The hearings positioned the institutional homeless service providers, such as the Rescue Mission and the Poverello House, as supporters of the city's policy of destroying homeless people's property. Paul Stack, Poverello House facilities manager, said the homeless set up a large encampment on Santa Clara Street, right in front of Poverello House, in 2003/2004. Stack said they received complaints about the encampment from visitors and donors who came to their facility.

Testimony by the homeless community tells a different story. Sandra Thomas said she had her property destroyed on June 22, 2006, after being told it would be safe by Police Officer Rey Wallace. Thomas said she moved her four shopping carts from the west side of E street to the east side because of an impending raid. Thomas asked the homeowner and Officer Wallace if she could safely leave her carts on the public sidewalk in front of a house. She was promised her carts would be safe.

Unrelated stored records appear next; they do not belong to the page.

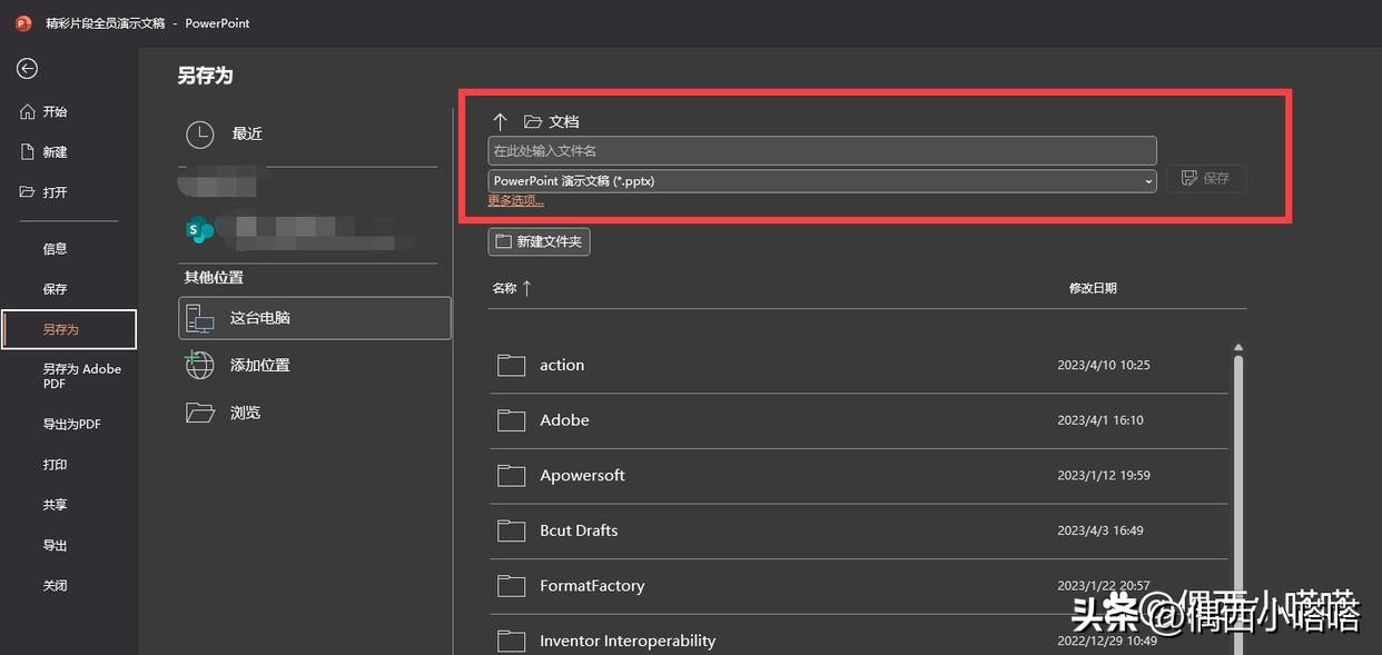 2.方法一、另存为快捷键1、另存为的快捷键是F12,怎么样?比储存的快捷键ctrl+S还简单吧?简单就快点用起来!2、点击F12,会弹出下图样式的另存为窗口,选择文件另保存的位置、格式和修改PPT名称,点击右下角保存即可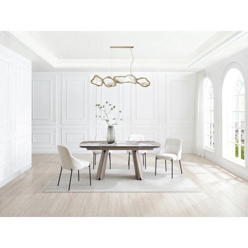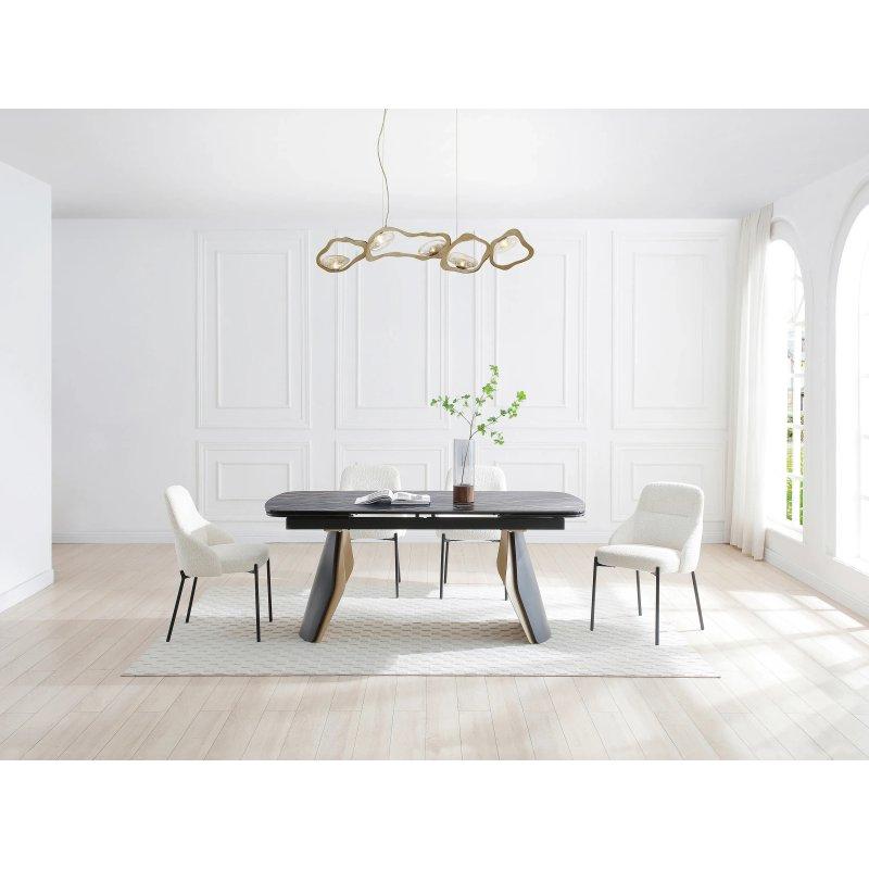 Masanın tasarımı, lüks bir hava vermesine rağmen, beklentinin altında hafif bir yapıya sahiptir. Oval şekli, tasarımı yumuşatarak modern ama sıcak bir ortam yaratmaktadır. Mermer desenli üst yüzey, hem estetik hem de pratik bir seçimdir.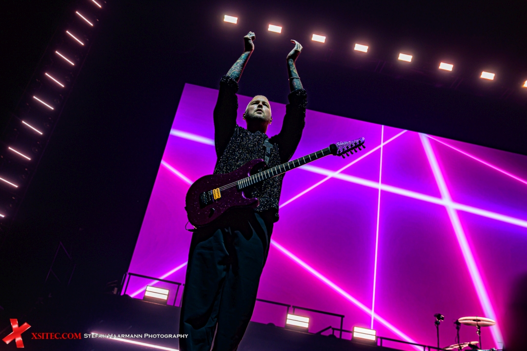 Den musikalischen Anfang machen die Briten von AS EVERYTHING UNFOLDS, die sich nach dem Tod ihres Drummers im August 2024 und der daraufhin zwangsläufigen Neuformierung bestens aufgestellt zeigen und ab der ersten Minute der Show die Halle fest im Griff haben. „Ultraviolet“ oder „On The Inside“ zeigen die Band in toller Spielfreude, was die Hoffnung auf eine baldige Wiederkehr nährt. Nach kurzem Umbau kündigt PRO7-Moderator Sebastian Pufpaff das nächste Highlight an: BAD LOVERZ stehen heute der Legende nach zum ersten mal seit den 1980er Jahren wieder gemeinsam auf der Bühne. Schon der Bühnenaufbau lässt erkennen, dass hier den großen Zeiten des Glamrocks gehuldigt werden soll, Baywatch-Schwimmboje als Requisite inklusive.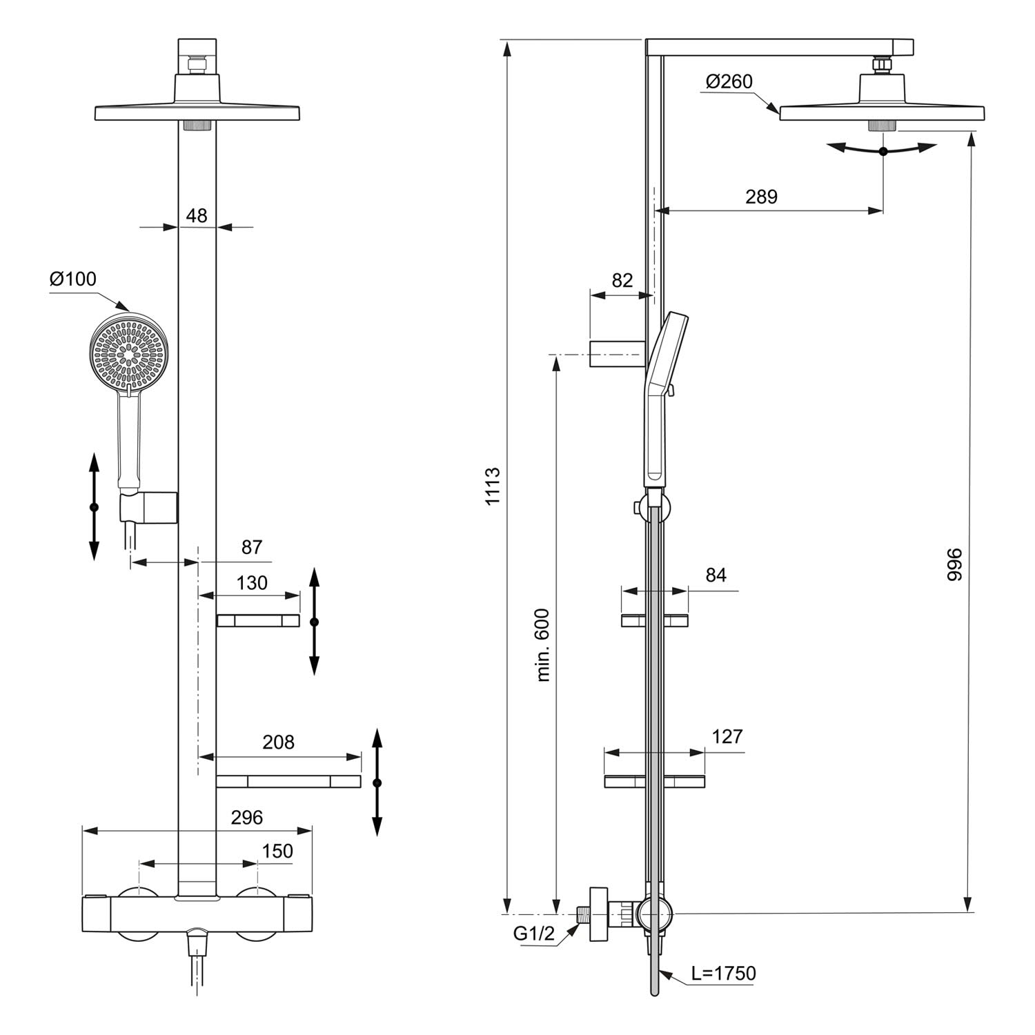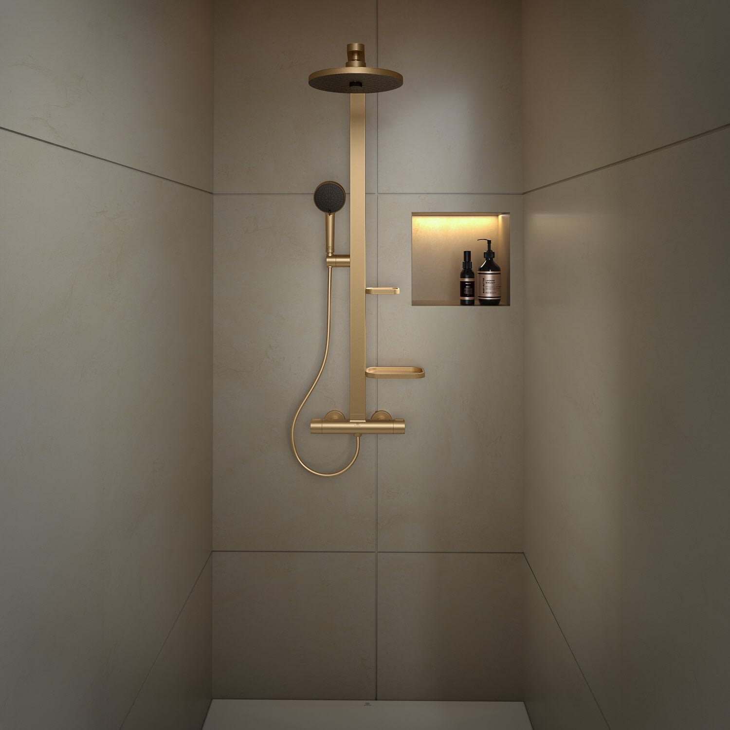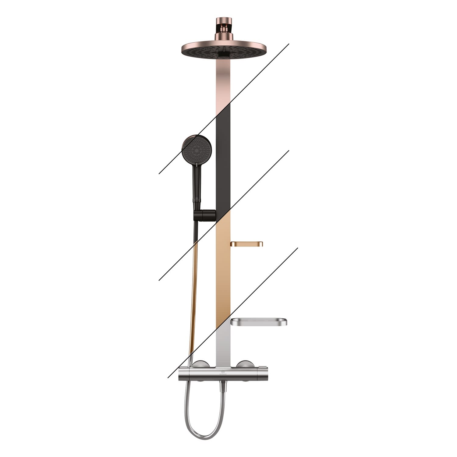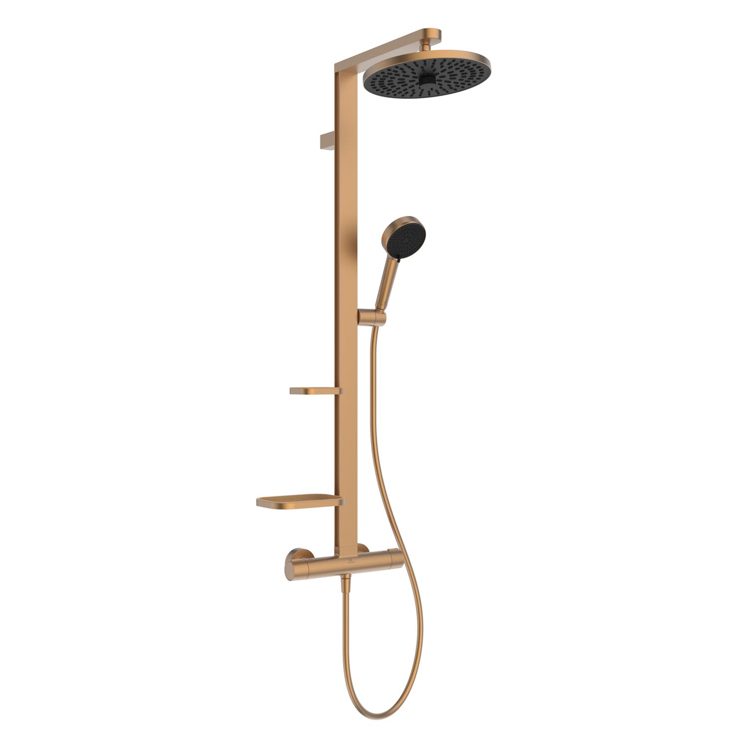 Ideal Standard Ceratherm Alu+ Duschsystem mit Brausethermostat, 2 Ablagen, 2-Funktions-Handbrause und 2-Funktions-Kopfbrause

She then left for a short time to take a shower at the Poverello House. When she returned, all but one of her carts were gone, crushed in the back of a garbage truck. Dramatic video of the incident was shown in the courtroom.

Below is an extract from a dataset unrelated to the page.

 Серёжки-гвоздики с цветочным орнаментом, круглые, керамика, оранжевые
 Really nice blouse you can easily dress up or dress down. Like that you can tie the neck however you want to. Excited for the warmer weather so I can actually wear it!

The video showed Thomas's cart being picked up by sanitation workers and tossed into the garbage truck. Thomas cried as she told the court what was in the carts. "I lost my ID, my grandmother's diamond wedding ring, Social Security paperwork, clothes, and blankets," she said. Afterwards, "I had no place to sleep, no blankets, and I caught pneumonia."

Doug Deatherage was also affected by the attack on the homeless on June 22. He said he was told on the day of the attack that it would take place. He and his fiancee, Pamela Streeter, gathered all they could and took it to the east side of the street. Deatherage went to the grocery store while Pamela stayed with their possessions.

When he got back, Pamela was crying and everything was gone. Deatherage said, "We lost shoes, clothes, my antique stamp collection, letters and photos from my family, and worst of all, Pamela had an urn with her granddaughter's ashes. We lost everything." Deatherage said the city sanitation workers took their property over Pamela's protest.

Mike Rhodes is the editor of the Community Alliance newspaper in Fresno.